▶ **DATA SHOWN**:
■ ■ ■ ■ ■ ■ ■

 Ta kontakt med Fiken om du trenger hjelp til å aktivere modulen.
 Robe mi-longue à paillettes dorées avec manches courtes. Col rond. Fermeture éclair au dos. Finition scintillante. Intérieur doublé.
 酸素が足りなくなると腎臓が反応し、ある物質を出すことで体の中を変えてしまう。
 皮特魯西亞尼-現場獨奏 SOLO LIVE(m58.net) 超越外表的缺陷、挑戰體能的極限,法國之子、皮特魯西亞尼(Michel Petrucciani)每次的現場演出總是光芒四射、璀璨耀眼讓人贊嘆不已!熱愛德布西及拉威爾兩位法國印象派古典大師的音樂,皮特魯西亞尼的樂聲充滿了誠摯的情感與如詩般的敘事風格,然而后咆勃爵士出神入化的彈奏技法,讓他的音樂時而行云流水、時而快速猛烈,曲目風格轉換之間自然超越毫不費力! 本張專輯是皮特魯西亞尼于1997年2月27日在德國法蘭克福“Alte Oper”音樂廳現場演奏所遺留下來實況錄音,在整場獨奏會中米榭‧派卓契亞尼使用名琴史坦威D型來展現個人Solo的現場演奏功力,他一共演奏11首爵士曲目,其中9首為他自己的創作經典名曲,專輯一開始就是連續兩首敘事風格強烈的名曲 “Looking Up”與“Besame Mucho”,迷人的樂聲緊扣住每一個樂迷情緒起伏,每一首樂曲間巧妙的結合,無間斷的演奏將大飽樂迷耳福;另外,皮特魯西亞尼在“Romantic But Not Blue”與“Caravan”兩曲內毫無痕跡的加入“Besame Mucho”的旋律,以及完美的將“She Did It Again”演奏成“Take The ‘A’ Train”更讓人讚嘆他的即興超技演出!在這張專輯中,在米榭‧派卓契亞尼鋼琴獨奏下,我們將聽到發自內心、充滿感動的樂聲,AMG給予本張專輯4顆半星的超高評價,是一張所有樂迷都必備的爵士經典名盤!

■ ■ ■ ■ ■ ■ ■

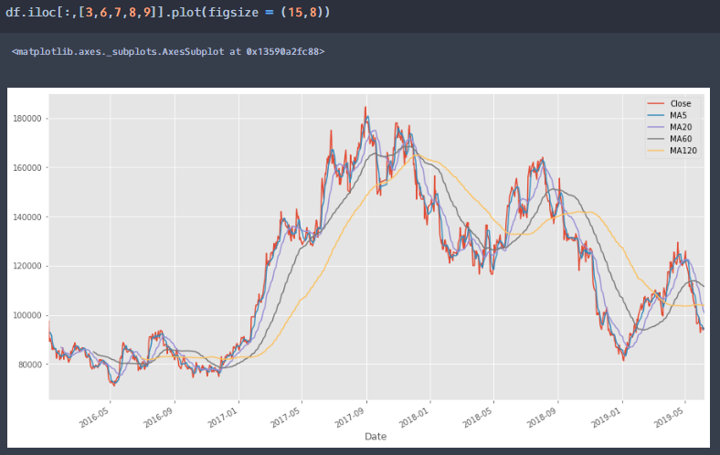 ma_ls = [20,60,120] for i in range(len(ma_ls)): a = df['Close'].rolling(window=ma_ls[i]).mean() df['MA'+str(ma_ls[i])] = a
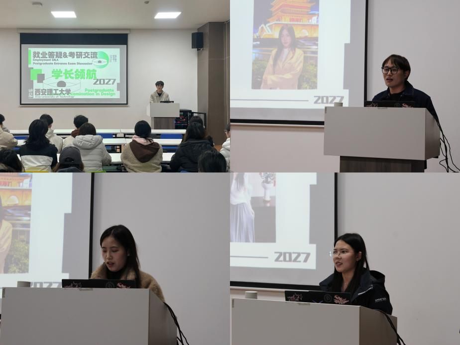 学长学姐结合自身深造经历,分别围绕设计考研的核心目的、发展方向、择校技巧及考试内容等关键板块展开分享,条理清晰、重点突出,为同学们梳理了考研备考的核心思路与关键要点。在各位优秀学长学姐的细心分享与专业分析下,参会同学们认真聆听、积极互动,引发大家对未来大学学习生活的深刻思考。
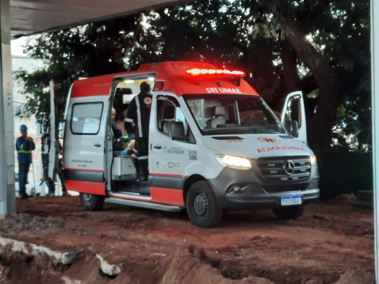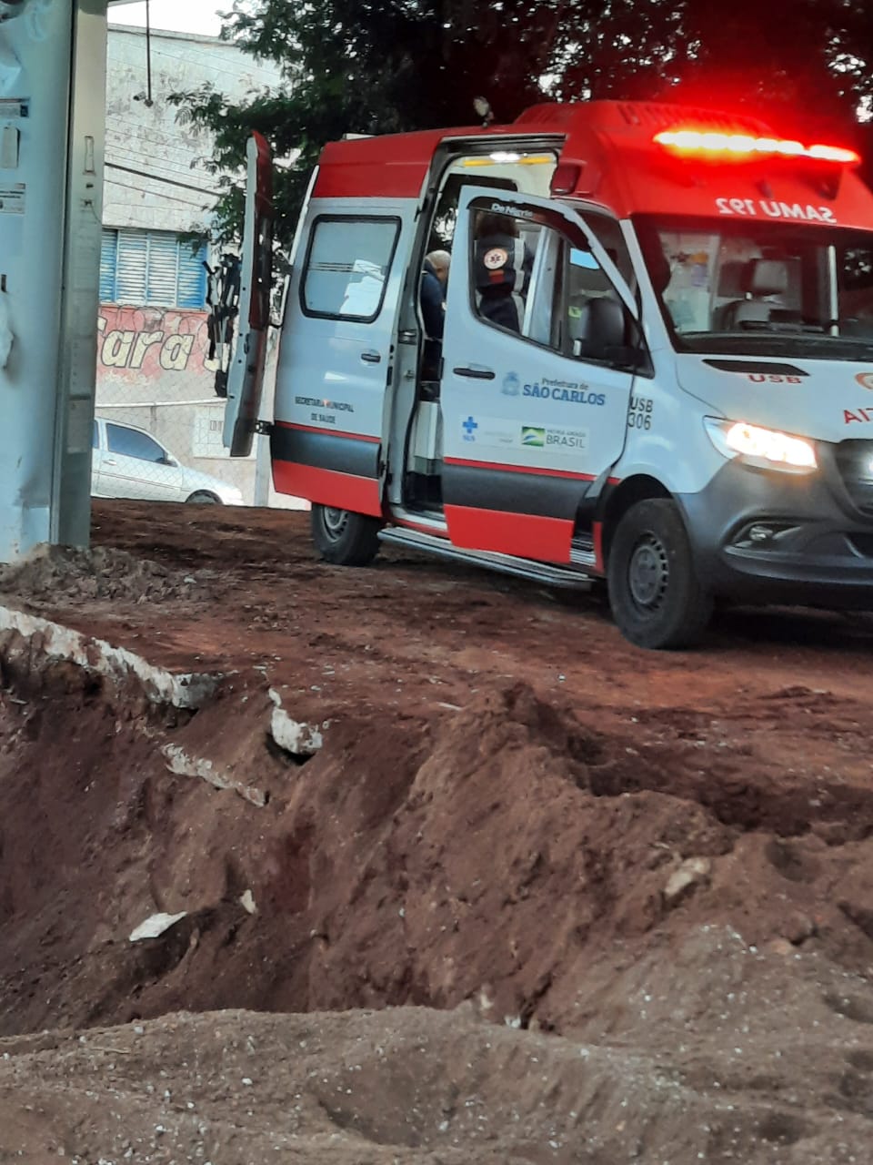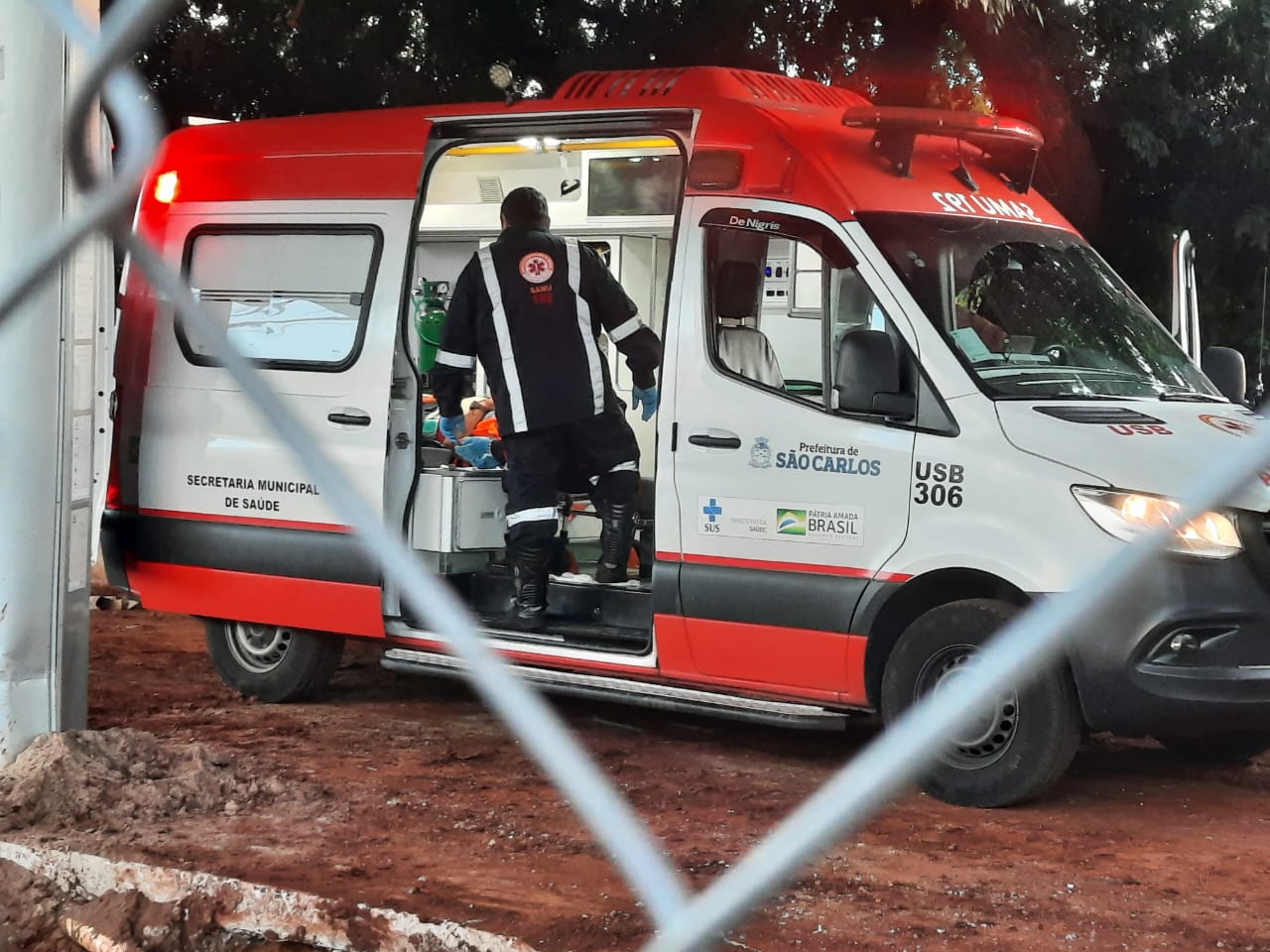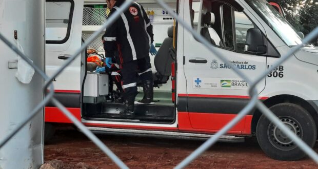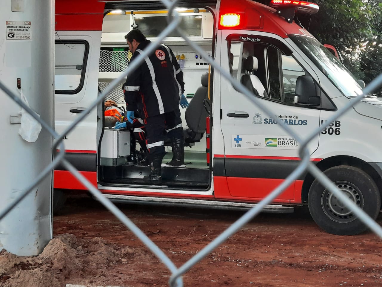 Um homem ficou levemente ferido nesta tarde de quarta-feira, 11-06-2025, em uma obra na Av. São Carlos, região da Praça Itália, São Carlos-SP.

■ ■ ■ ■ ■ ■ ■

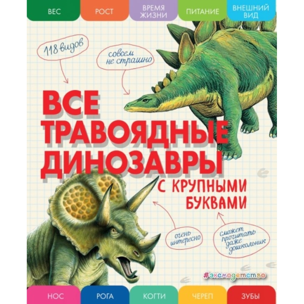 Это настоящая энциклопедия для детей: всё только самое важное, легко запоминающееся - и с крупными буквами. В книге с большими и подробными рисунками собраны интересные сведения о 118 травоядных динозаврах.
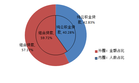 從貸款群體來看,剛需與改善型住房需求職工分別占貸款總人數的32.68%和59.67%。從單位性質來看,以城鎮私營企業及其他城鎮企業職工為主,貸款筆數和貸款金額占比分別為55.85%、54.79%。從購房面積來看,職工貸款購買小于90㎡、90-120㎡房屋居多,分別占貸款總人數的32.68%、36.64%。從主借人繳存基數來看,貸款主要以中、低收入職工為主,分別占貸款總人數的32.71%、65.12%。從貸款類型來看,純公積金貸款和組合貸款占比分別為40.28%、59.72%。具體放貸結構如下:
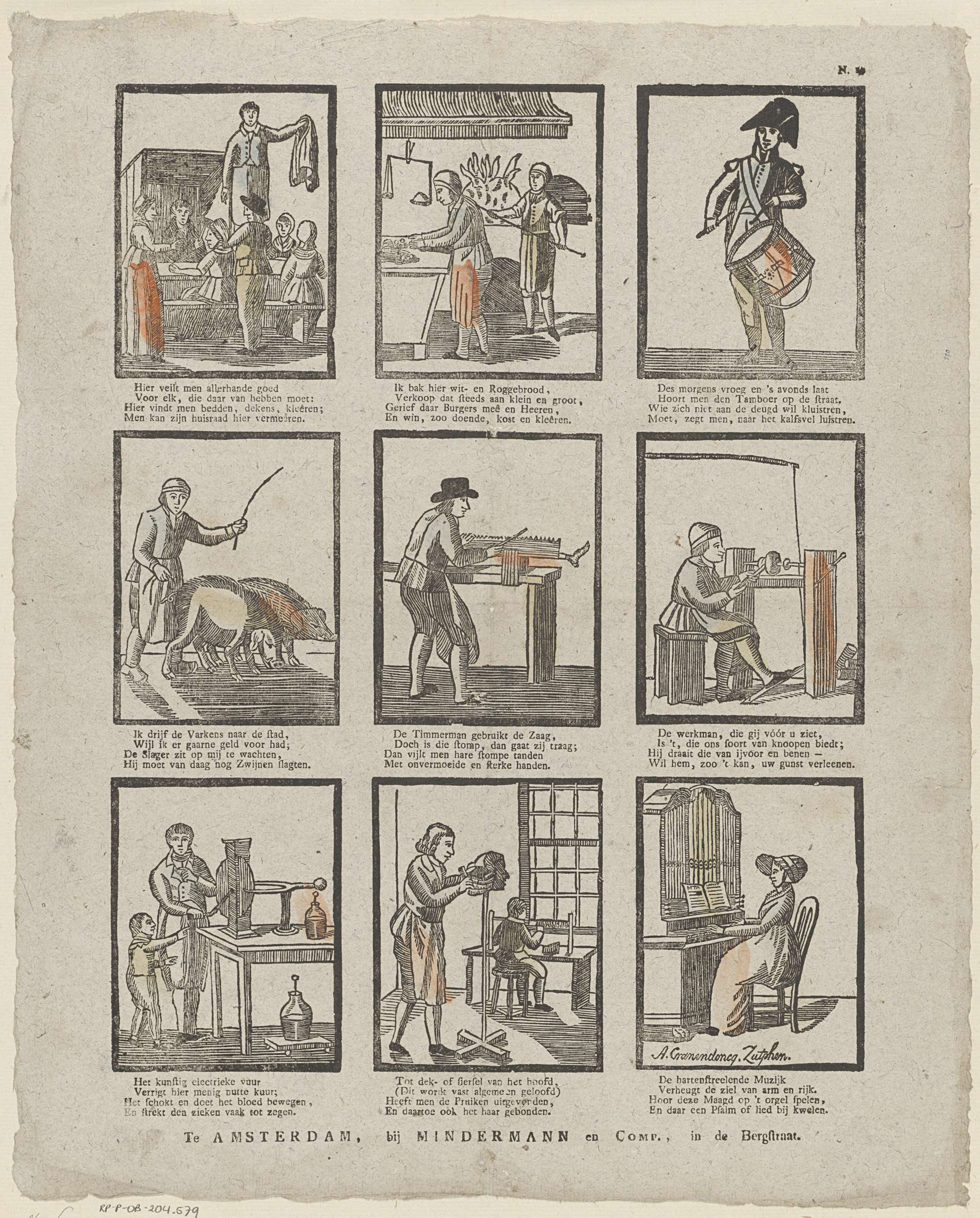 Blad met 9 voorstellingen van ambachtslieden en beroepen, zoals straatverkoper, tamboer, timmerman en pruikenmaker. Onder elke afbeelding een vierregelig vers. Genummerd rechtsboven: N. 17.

■ ■ ■ ■ ■ ■ ■

▶ **WHAT IS EXPECTED**: Would you print, exactly as written, every line above from the one holding "Ta kontakt med" through the one holding "酸素が足りなくなると腎臓が反応し、ある物質を出すことで体の中を変えてしまう。", with both included and no other lines?

▶ **THE ANSWER**:
 Ta kontakt med Fiken om du trenger hjelp til å aktivere modulen.
 Robe mi-longue à paillettes dorées avec manches courtes. Col rond. Fermeture éclair au dos. Finition scintillante. Intérieur doublé.
 酸素が足りなくなると腎臓が反応し、ある物質を出すことで体の中を変えてしまう。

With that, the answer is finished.